We performed a secondary analysis of data from a large multi-country prospective cohort [Childhood Acute Illness and Nutrition (CHAIN) Network] study. Data from 5 sites in Uganda, Kenya, and Malawi were included. Hospitalized children aged 2-23 months were followed from an index admission for 6 months after discharge to determine acute and long-term outcomes. Using perinatal HIV exposure (HEU and HUU) as the primary exposure and adjusting for child, caregiver, and household characteristics, we compared inpatient and 30-day survival outcomes, nutritional status, hospital length of stay, illness severity, and utilization of inpatient resources.
We included 1486 children: 217 HEU and 1269 HUU. HEU children had an increased risk of mortality both during hospitalization [adjusted OR 1.96, 95% CI (1.14-3.37)] and in the 30 days following hospital admission [adjusted hazard ratio 2.20, 95% CI (1.10-4.42)]. Wasting and stunting were more frequent in HEU than HUU children, with adjusted OR 1.41, 95% CI (1.03-1.95) and adjusted OR 1.91, 95% CI (1.34-2.70), respectively. HEU children were also more likely to have a prolonged hospital stay compared to HUU children [adjusted OR 1.58, 95% CI (1.08-2.29)], although admission diagnoses, illness severity at admission, and use of inpatient resources (supplemental oxygen, nasogastric tube, and second-line antibiotics) did not differ significantly between groups.

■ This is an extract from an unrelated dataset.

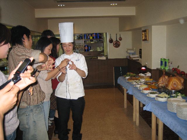 Last year, I had no Thanksgiving. This year was different. A woman who owns a small restaurant in Himeji held a Thanksgiving dinner for the local foreign population. It was kind of a personal project, a challenge for her. She went out on the internet and found recipes and serving information for American Thanksgiving food. I never really thought about it, but Thanksgiving is really its own type of food. When else do you eat this stuff? Anyway, she enjoyed the project. She's a fantastic cook, but I don't think her restaurant is doing so well. So, I think this was also a way just to do something different and have some company. We all paid ¥3000 (≈$30) which probably just barely covered the groceries. I don't see anyway she could have made a profit. In any case, regardless of the price and all that, it was an absolutely marvelous dinner. Really great. As you can see from the photos below, everything was just perfect. It tasted, smelled, and looked just like what you'd have back home. Really good stuff. Here are some pictures.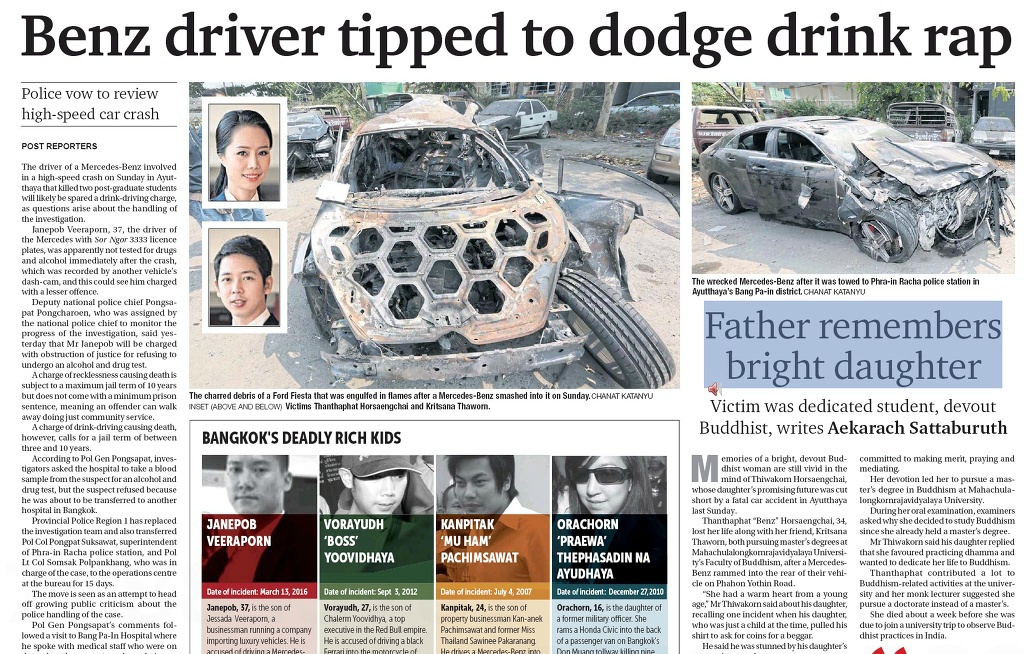 지난 3월13일 아유타야 도로변에서 발생한 메르세데스 벤츠와 포드피에스타의 충돌사고로 피에스타 승용차가 전소되어 타고있던 젊은 남녀가 사망하는 사고가 있었다. 사고원인은 벤츠의 과속으로 인한 충돌사고로 보도되었는데 벤츠 운전자는 심하게 다치지는 않았고 병원에서 혈액채취와 음주측정을 거부하여 음주운전여부가 의심이 되었는데 단순히 과속과 운전 부주의로 인한 사고로 끝나는듯 하다가 메스컴의 보도로 인하여 이 사고가 이전에 있었던 3건의 부유층 자녀들의 사고와 함께 태국내의 계층간의 사회정의 문제로까지 확대되는 듯한 분위기이다.

HEU children are more likely to die during hospitalization and within 30 days of admission, to be wasted and stunted upon hospital admission, and to require a prolonged hospital stay, as compared to HUU children. Hospitals in settings with a high prevalence of women-living-with-HIV should ensure that maternal HIV status is established among children requiring admission and build capacity to provide additional hospital monitoring and early post-discharge support for HEU children.
尽管与艾滋病毒相关的死亡风险已有充分描述,但与未接触艾滋病毒的未感染儿童(HUU)相比,接触过艾滋病毒的未感染儿童(HEU)住院和死亡风险也有所增加。HEU儿童不良结局的驱动因素尚不清楚,这限制了支持这一脆弱人群的干预措施的发展。

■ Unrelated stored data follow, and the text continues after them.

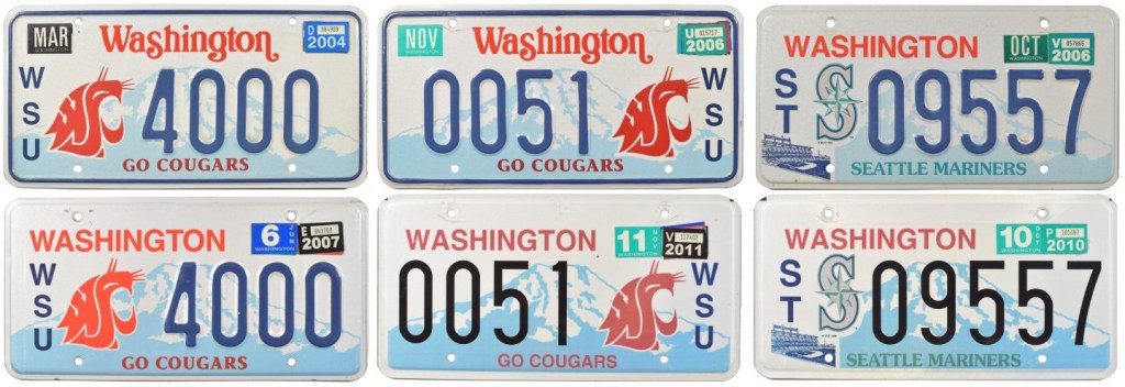 The example above shows three sets of plates. At left, Washington State University #4000. The top plate would have been issued in 1997. When it came up for replacement in 2004, the design had evolved to the offset block-letter state name sans embossed border. The second WSU plate, number 0051, was issued in 1999 (the WSU logo was moved to the right after number 9999 was issued in the original format; numbering started over again with the logo as a suffix to create a new series), and by the time its replacement was mandated in 2006, all optional designs had gone to a flat manufacturing process. Thus, its reissue is flat. The same fate befell the Mariners plates to the right.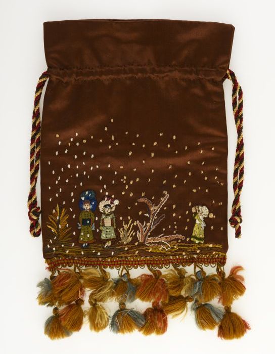 Bruine reticule met geborduurd sneeuwlandschap met d...
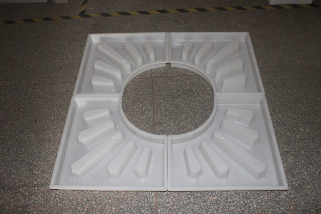 太陽(yáng)型水泥樹圍模具主要采用了PP聚丙烯塑料為原料,經(jīng)注塑加工完成。主體結(jié)構(gòu)由四塊拼接組成,由于塑料模具表面由類似陽(yáng)光一樣的線條設(shè)計(jì),遂得名太陽(yáng)型樹圍模具。不要小看這一條條的線條設(shè)計(jì),除了在美觀結(jié)構(gòu)上有所表現(xiàn),最為關(guān)鍵的是在實(shí)際成品的空隙之處方便綠草生長(zhǎng),增強(qiáng)土壤結(jié)構(gòu),對(duì)于樹木的保護(hù)更為有力。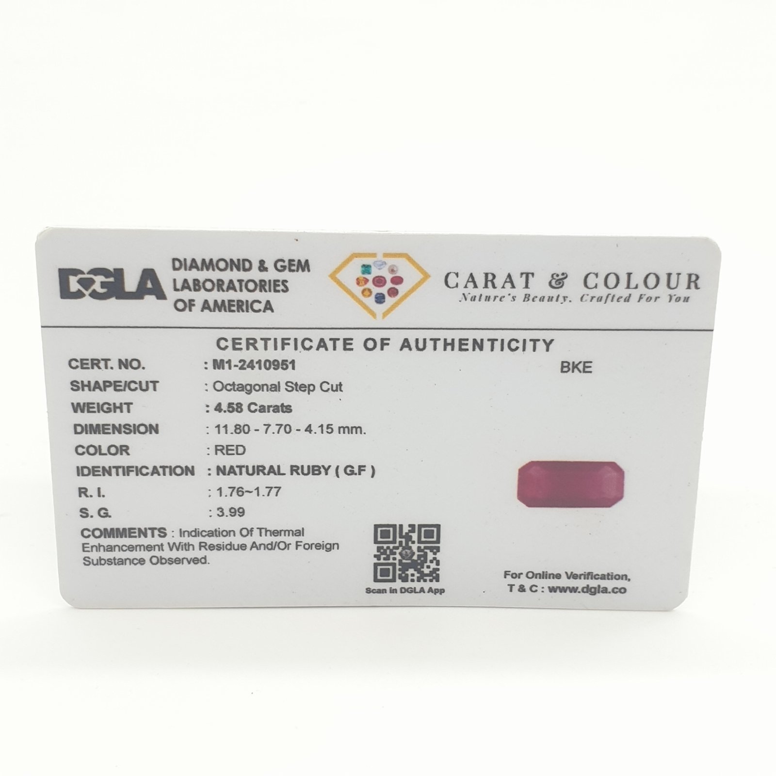 Natural Heat Treated Ruby (Manak) from Madagascar, certified by DGLA. Contact us for further Certification by GIA / GII / IGI and Others.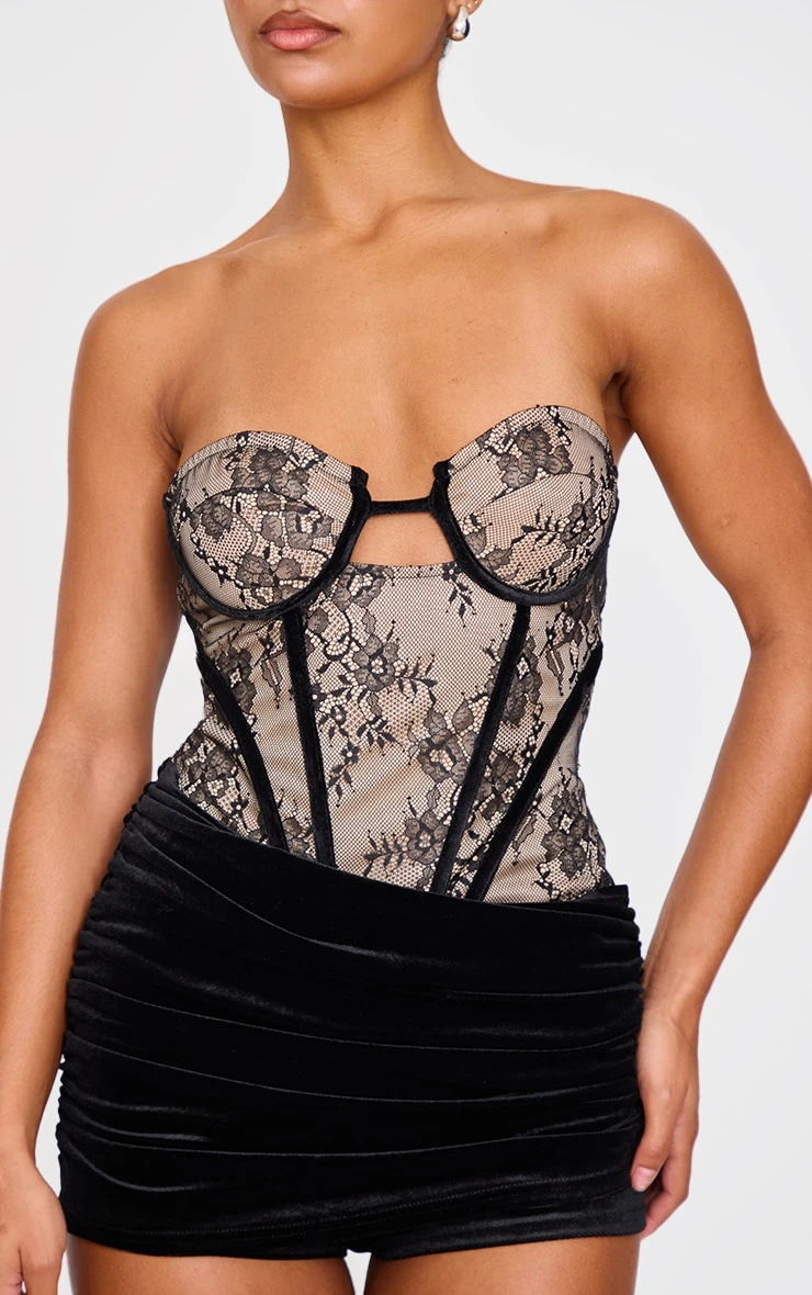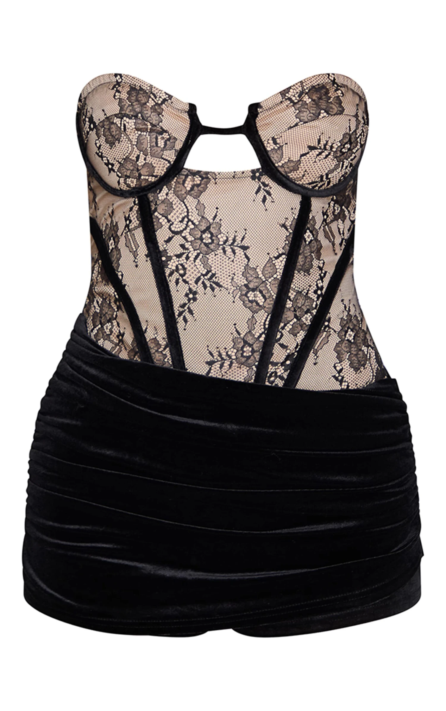 The velvet romper, reimagined. This piece artfully blends textures and silhouettes, offering a contemporary take on evening elegance. Observe the refined contrast lace detailing that elevates the plush black velvet. The wrap-style skort bottom introduces a directional edge, perfect for navigating city nights. Style yours with a delicate chain necklace from our jewelry collection to further refine the look.

我们对一项大型多国前瞻性队列研究[儿童急性疾病与营养(CHAIN)网络]的数据进行了二次分析。纳入了乌干达、肯尼亚和马拉维5个地点的数据。对2至23个月的住院儿童从首次入院起随访出院后6个月,以确定急性和长期结局。以围产期艾滋病毒暴露情况(HEU和HUU)作为主要暴露因素,并对儿童、照料者和家庭特征进行调整,我们比较了住院期间和30天生存结局、营养状况、住院时间、疾病严重程度以及住院资源的使用情况。
我们纳入了1486名儿童:217名HEU儿童和1269名HUU儿童。HEU儿童在住院期间死亡风险增加[调整后的比值比为1.96,95%置信区间(1.14 - 3.37)],在入院后30天内死亡风险也增加[调整后的风险比为2.20,95%置信区间(1.10 - 4.42)]。与HUU儿童相比,HEU儿童消瘦和发育迟缓更为常见,调整后的比值比分别为1.41,95%置信区间(1.03 - 1.95)和1.91,95%置信区间(1.34 - 2.70)。与HUU儿童相比,HEU儿童住院时间也更可能延长[调整后的比值比为1.58,95%置信区间(1.08 - 2.29)],尽管两组之间的入院诊断、入院时疾病严重程度以及住院资源(补充氧气、鼻胃管和二线抗生素)的使用情况没有显著差异。
与HUU儿童相比,HEU儿童在住院期间和入院后30天内死亡的可能性更高,入院时更可能消瘦和发育迟缓,且需要更长的住院时间。在艾滋病毒感染女性患病率较高的地区,医院应确保在需要入院的儿童中确定其母亲的艾滋病毒感染状况,并建立能力为HEU儿童提供额外的住院监测和出院后早期支持。